This summer, arts institutions all over Germany are celebrating the centenary of one of the strangest and most charismatic artists of the 20th century – a man who challenged the art establishment and changed the course of modern art. He was frequently dismissed as crazy, yet he transformed the cultural landscape – not only in his native Germany, but throughout the western world. His mantra, “Everyone is an artist”, became a cri de coeur for a new generation, for whom the gallery was just a sideshow. For Joseph Beuys, art could be anything – it encompassed everything, it had no limits. For him, being an artist was a state of mind, a way of life.
By the time he died in 1986, Beuys had come to be regarded as more of a living artwork than an artist – a kind of Teutonic Andy Warhol, instantly recognisable in his trademark uniform of fedora, fisherman’s tabard and fur coat. Some revered him as a shaman. Others denounced him as a charlatan. For some, he was a philosopher. For others, he was a holy fool, an idiot savant. So who was Joseph Beuys, and why is he still important? And what does he have to teach us about the world today?

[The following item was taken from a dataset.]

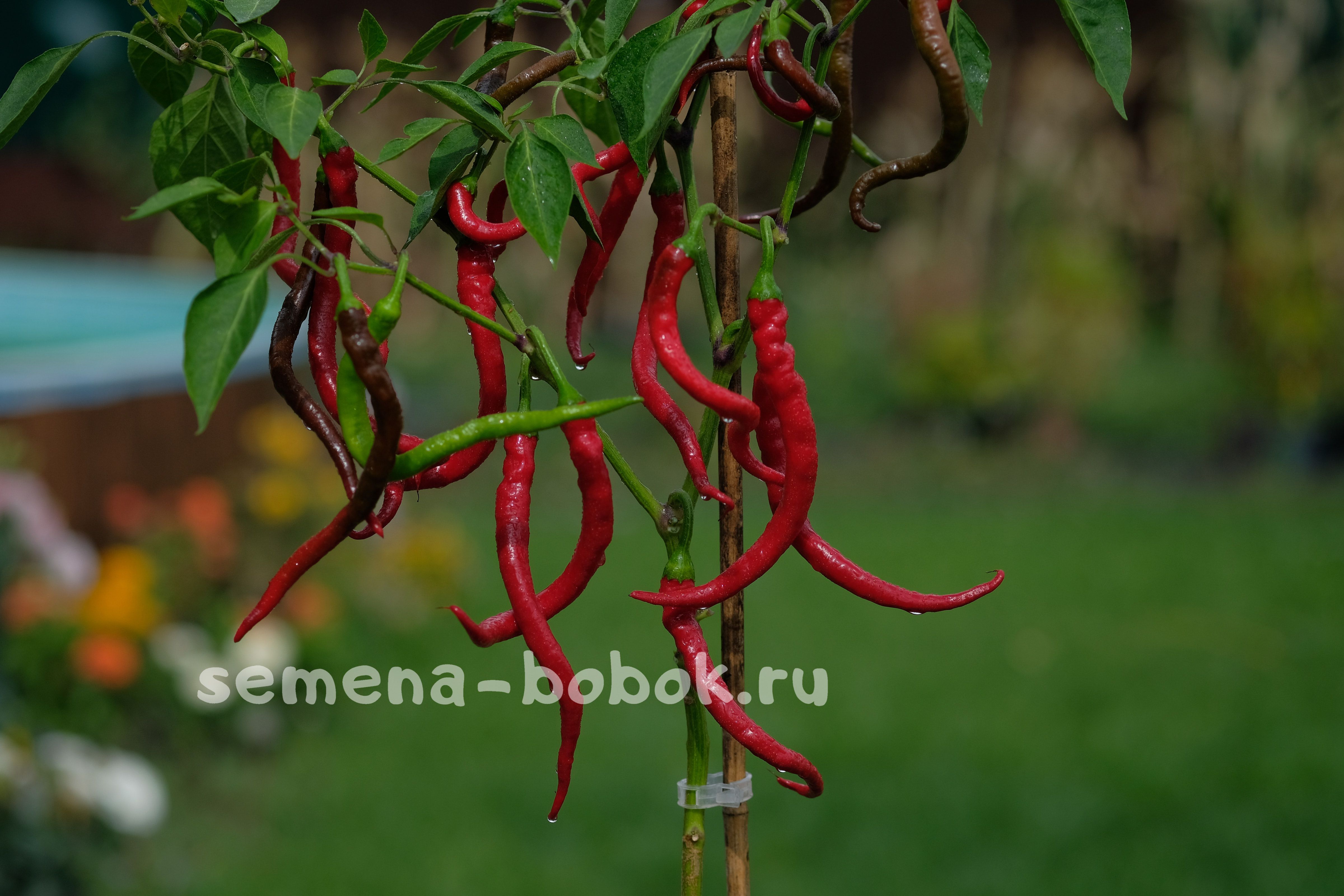 c. Annuum Знаменитый турецкий перец (Biber в переводе с турецкого - перец). Куст не высокий, при выращивании в кашпо 5 литров, его высота не превышает 50 см, в теплице или открытом грунте будет выше. Очень эффектно смотрятся длинные "кудрявые" стручки в момент созревания. Этот перец практически не имеет остроты (до 1000 shu), в Турции употребляется в основном в технической спелости, в зеленом виде. Красный можно использовать на сушку, для украшения интерьера. Аромат классический перечный, вкус свежий, с небольшой кислинкой.

Joseph Beuys was born 12 May 1921 in Krefeld, an industrial town near Düsseldorf, and raised in Kleve, a medieval town on the Lower Rhine. His father was a moderately successful businessman. He was an only child. He was 11 years old when Hitler came to power. In 1936, like most boys his age, he joined the Hitler Youth. He was an able student, with a flair for drawing and an interest in science. He was unsure whether to train as a sculptor or a doctor. And then, when he was 18, Germany went to war.